Ciudad de México, 1964. Uno de sus libros más recientes es Donde el río se toca (Sudaquia, 2022).
En esas manos se alojaba el orbe. Eran manos de hambre y golpes en los rincones, manos que habían dormido contra la tierra fría, húmeda como el llanto, manos que sacuden el sueño por el hambre. Una piel seca cubría los huesos protuberantes.
Entre las enconchadas uñas y la piel habitaba la tierra de sus antepasados. Su piel cobriza, rancia, contrastaba con las uñas cenizas; impasibles, las manos sostenían un rosario que de cuando en cuando respondía con un destello a la luz que tímidamente lo alumbraba. En el silencio casi era perceptible la fricción que brotaba de las palmas. Unos dedos siguieron pasando una a una las cuentas del sartal; al final de la oración ellos se entrelazaron y al cabo de un rato la luz se comenzó a angostar. La tranquilidad que aparentemente las cubría se despegó de ellas. Nerviosas, soltaron el rosario. Un puño se cerró y una frente ajada se posó sobre de él. La derecha abrazó a la mano izquierda. Su tono cobrizo se tornó café y las puntas de los dedos, de color arena, mostraron desesperación. Se tallaron y su música sonó ansiosa. Pronto cubrieron un rostro. Así permanecieron unos segundos. Se separaron. Como huyendo, la mano derecha se escondió tras la izquierda. Apresuradas, oscilaron de arriba a abajo. Sin perder contacto entre ellas una oprimió a la otra hasta que los huesos crujieron y el sonido se dilató hasta el cosmos.

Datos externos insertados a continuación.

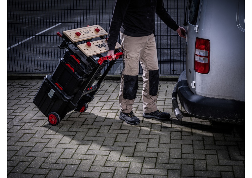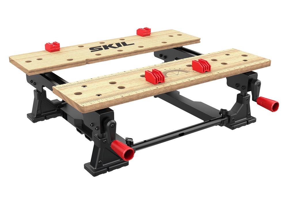 Il banco da lavoro SKIL modello 1290 AA può essere collegato in modo semplice e senza l’uso di utensili al supporto pieghevole SKIL (riferimento BT1E1301AA) e al sistema di valigie di stoccaggio mobile (riferimento 2610S01671), facilitando sia il trasporto sia lo stoccaggio compatto.

Temblorosas, golpearon un pecho flaco de sueños ahogados e ilusiones desvanecidas. Un movimiento brusco provocó un ruido. Nadie notó lo que sucedía. El espacio continuó impertérrito. Los planetas repasaron su ruta indolente. Las manos apretaron la madera del reclinatorio. La sangre elevó el tono de esa piel. Al cabo de unos momentos esas manos volvieron a tocar su tierra para siempre.